ドイツ・リート(歌曲)は、奥の深い音楽ジャンルである。言葉・音楽・声が渾然一体となっているために、そのすべてを掘り下げることが可能だからだ。作曲家たちは作品を、詩から霊感を受けて書いた。霊感などと言うと、興の赴くままに筆を走らせたかのように聞こえるが、実際には詩全体のコンテクストや、個々の言葉に細心の注意を払い、小宇宙とも呼べる世界を作り上げている。歌手たちは、言葉の意味や、作曲家が和声やモチーフに託した意図を声に乗せるが、優れたリートの演奏では、詩と楽譜の読解力、声による深い感情表現が不可欠となる。しかしそれだからこそ、すべての要素が合致した時には、深い感動が得られる。

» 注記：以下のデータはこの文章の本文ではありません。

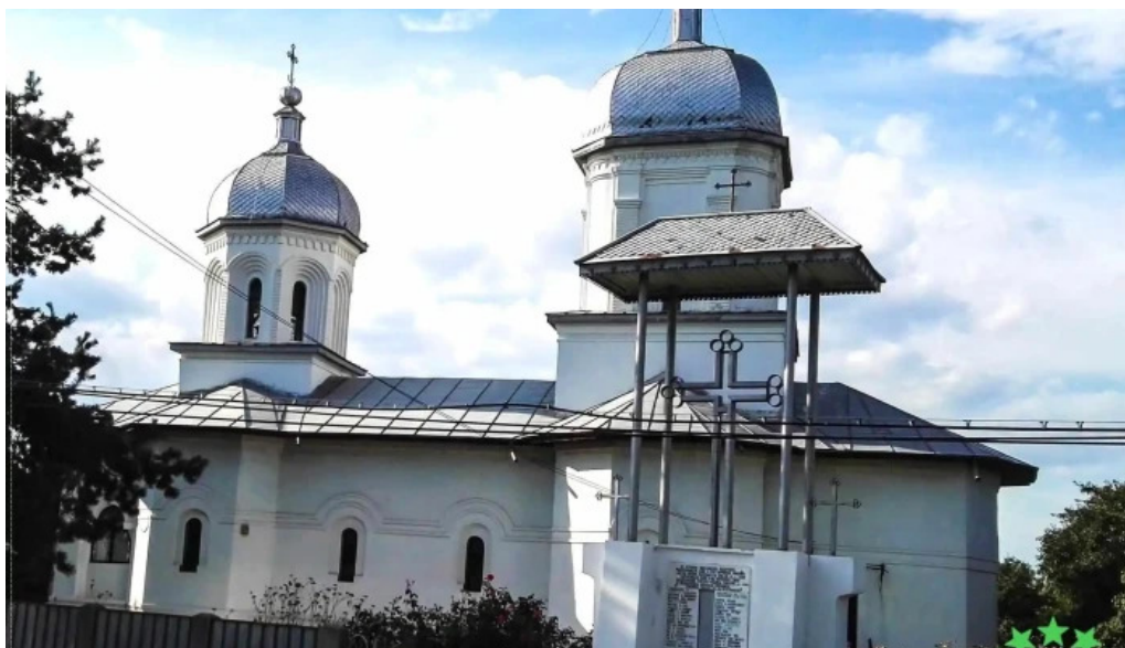
Rastoaca aproape de mine

天羽明惠が満を期して臨むのは、この「言葉と歌」の世界を、独自の解釈で音にすることである。円熟期にある彼女が、自らのプロデュースで描くリートとは、どんな色合いを放つだろうか。その際天羽は、独墺で活躍し、実績を積んできた友人たちを、共演者として招待する。これにより舞台は、音楽家たちが互いに触発し合う対話の場へと発展するのである。これまでにない新基軸であると同時に、一流の歌い手たちが腕を競い合うという意味でも、期待を抱かされるシリーズである。

城所孝吉(音楽評論)

天羽 明惠(ソプラノ)
Akie Amou, Soprano

リリックな声で魅了し、内外で高い評価を得ているソプラノ歌手。1995年第6回五島記念文化賞オペラ新人賞受賞。同年、新人の登竜門として知られるラインスベルク音楽祭で、《ナクソス島のアリアドネ》のツェルビネッタをクリスティアン・ティーレマンの指揮で歌い欧州デビュー。ソニア・ノルウェー女王記念第3回国際音楽コンクールに優勝。その後、ドイツを拠点として、ザクセン州立歌劇場、ベルリン・コーミッシェ・オーパーなど、ヨーロッパ各地の歌劇場や音楽祭のオペラなど数多く出演。国内でも、新国立劇場、サントリーホール・ホールオペラや、主要オーケストラの定期公演にソリストとして出演している。サントリーホール・オペラアカデミーのコーチング・ファカルティとして若手の指導にも力を入れている。ロッシーニ協会運営委員。

澤武 紀行(テノール)
Noriyuki Sawabu, Tenor

 歌劇《後宮からの逃走》のベルモンテ役でヨーロッパ・オペラデビュー後、ベルリン国立歌劇場、ルーマニア国立歌劇場、ブラウンシュヴァイク国立劇場、リンツ州立歌劇場、ヴッパタール劇場、ハレ歌劇場、フォアポンメルン州立劇場(テノール・ソリスト専属歌手契約)ハンガリー・オペレッタ劇場キュンストラーハウスのヨーロッパツアーなど、欧州の名門歌劇場や音楽祭への出演に抜擢されるなど、日本とドイツを拠点に活動を展開している。バロックから近現代作品まで、コミカルな役からシリアスな役までと、幅広いレパートリーを持つ。特に、アジリタ技巧や、ドイツ語を駆使した世界初演の近現代作品への歌唱・アプローチには、指揮者や演出家からの信頼も厚い。現在、富山銀行オフィシャルパートナー、KNBラジオ『夢見るクラシック』ナビゲーター、氷見第九総監督、氷見市国際芸術文化交流大使、富山県警察交通安全うたごえ大使、いみずPR大使を務める。

ジークムント・イェルセット(ピアノ)
Sigmund Hjelset, Piano

 ノルウェーを代表する歌曲伴奏者。ベルゲンで教育を受けた後、ロンドン王立音楽院で学ぶ。ソロ・ピアニストとして様々な音楽賞を受賞後、ボストンのニューイングランド音楽院でレナード・シュアに師事。キャリアの初期より歌曲伴奏に関心を示し、この分野で国際的な活動を展開。アムステルダム・コンセルトヘボウ、ウィグモアホール、ベルリン・コンツェルトハウス、ベルゲン音楽祭などでリサイタルの伴奏を務めている。
 ノルウェーのバリトン、ペール・ヴォレスタードとは、シューベルト、シューマン、ヴォルフなどの歌曲CDをSIMAX Classicsよりリリース。またグリーグ、シンディング、ニーストレム、トヴェイトなど、ノルウェーおよびスカンジナヴィアの作曲家の作品も数多く録音し、北欧音楽の普及に努めている。天羽明惠とは、1995年より定期的にリサイタルで共演。
 ノルウェー音楽アカデミーでは、歌曲伴奏の教授として後進の指導にも当たった。また、ライプツィヒ・メンデルスゾーン音楽院、ワイマール・リスト・アカデミーでもマスタークラスを行っている。2004年には、ノルウェー・グリーグ賞を受賞。